··· GIVEN MATERIAL ···
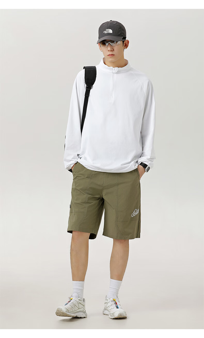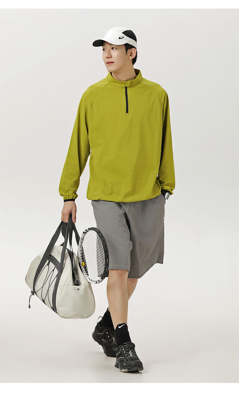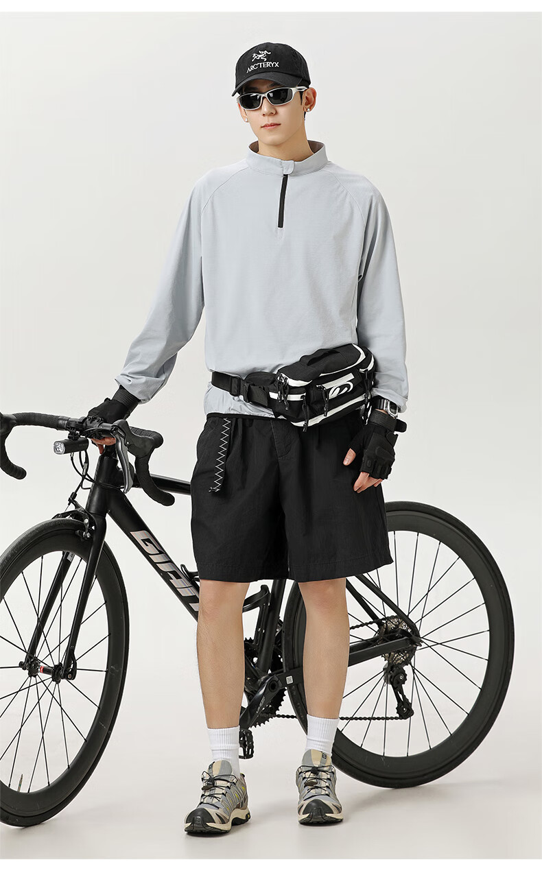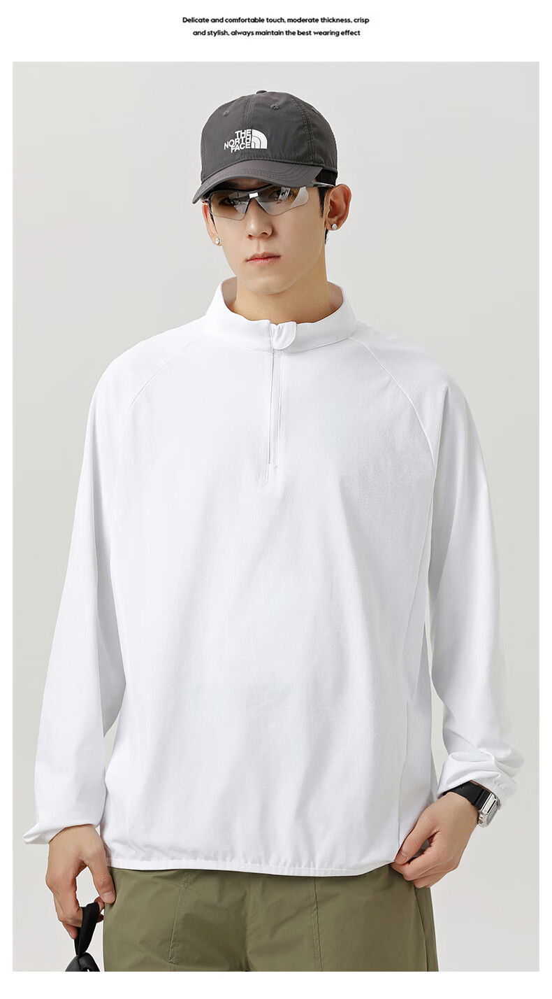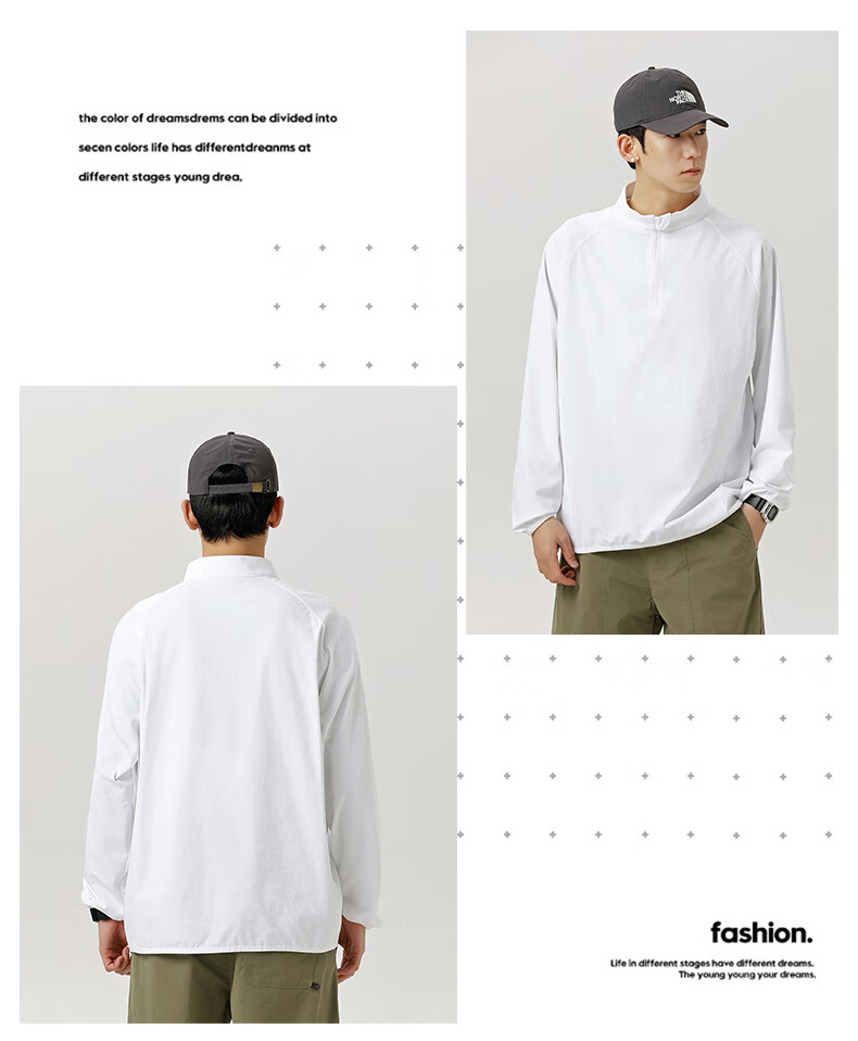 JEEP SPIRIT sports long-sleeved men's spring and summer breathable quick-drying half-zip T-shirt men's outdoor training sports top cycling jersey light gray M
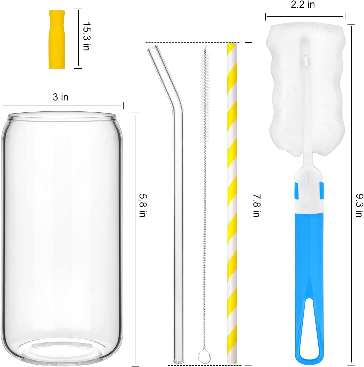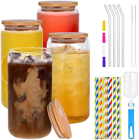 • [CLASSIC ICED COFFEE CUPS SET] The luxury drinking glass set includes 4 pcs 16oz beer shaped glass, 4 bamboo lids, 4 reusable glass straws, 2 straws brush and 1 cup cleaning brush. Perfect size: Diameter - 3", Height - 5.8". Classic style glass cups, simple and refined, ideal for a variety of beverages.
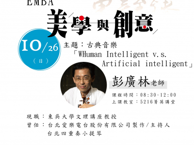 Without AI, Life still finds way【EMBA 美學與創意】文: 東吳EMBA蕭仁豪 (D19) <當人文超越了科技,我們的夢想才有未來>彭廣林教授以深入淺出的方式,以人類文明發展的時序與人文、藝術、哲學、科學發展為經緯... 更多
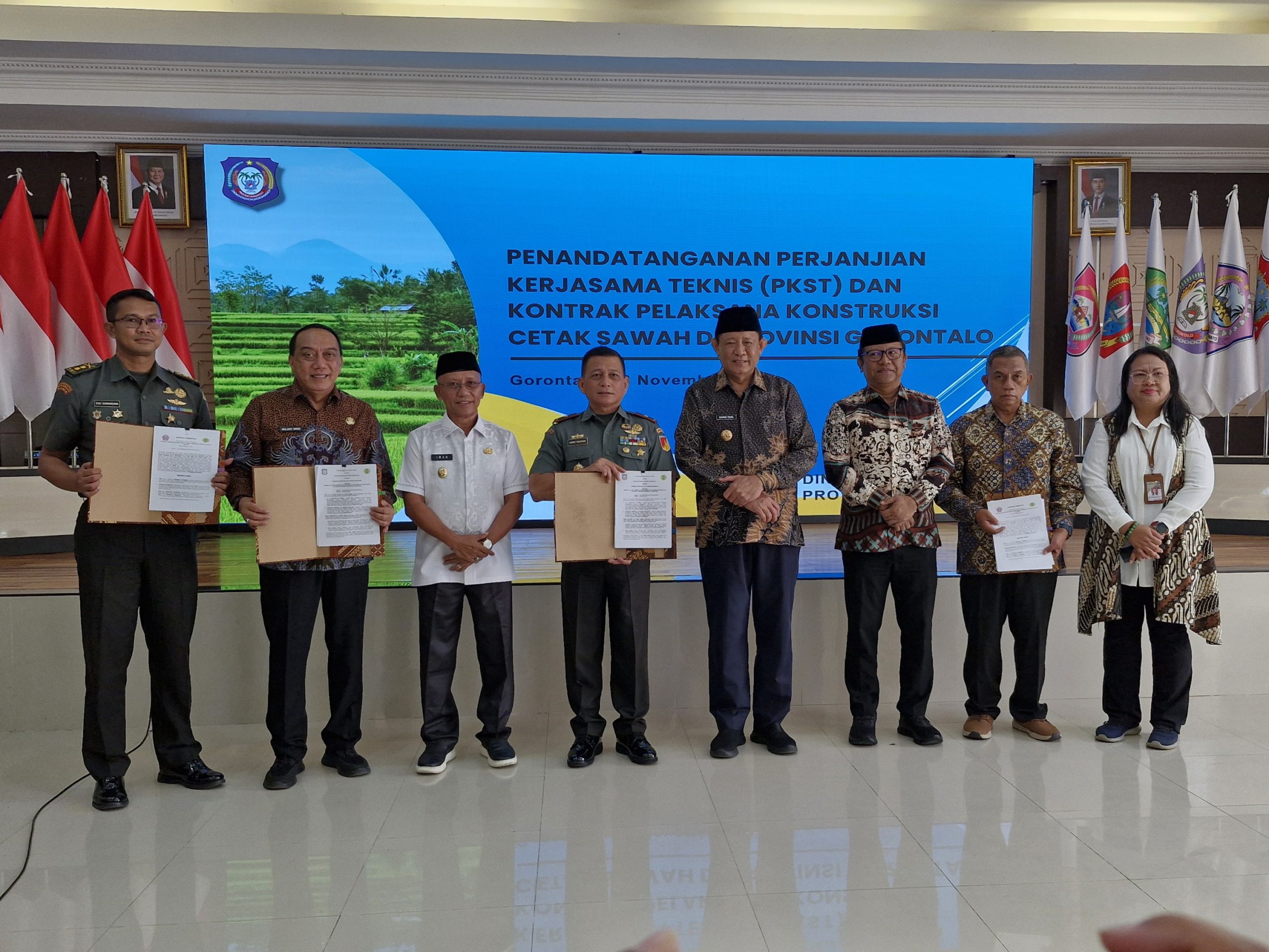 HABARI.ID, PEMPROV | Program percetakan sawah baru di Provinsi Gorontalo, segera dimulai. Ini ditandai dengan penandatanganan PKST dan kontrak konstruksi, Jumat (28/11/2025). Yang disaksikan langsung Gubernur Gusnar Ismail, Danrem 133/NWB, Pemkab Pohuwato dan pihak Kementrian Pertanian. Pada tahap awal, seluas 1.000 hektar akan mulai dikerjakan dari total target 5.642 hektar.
···
Exactly the lines from the top of the listing through the line holding "Without AI, Life" should be repeated, with pictures left out.

 JEEP SPIRIT sports long-sleeved men's spring and summer breathable quick-drying half-zip T-shirt men's outdoor training sports top cycling jersey light gray M
 • [CLASSIC ICED COFFEE CUPS SET] The luxury drinking glass set includes 4 pcs 16oz beer shaped glass, 4 bamboo lids, 4 reusable glass straws, 2 straws brush and 1 cup cleaning brush. Perfect size: Diameter - 3", Height - 5.8". Classic style glass cups, simple and refined, ideal for a variety of beverages.
 Without AI, Life still finds way【EMBA 美學與創意】文: 東吳EMBA蕭仁豪 (D19) <當人文超越了科技,我們的夢想才有未來>彭廣林教授以深入淺出的方式,以人類文明發展的時序與人文、藝術、哲學、科學發展為經緯... 更多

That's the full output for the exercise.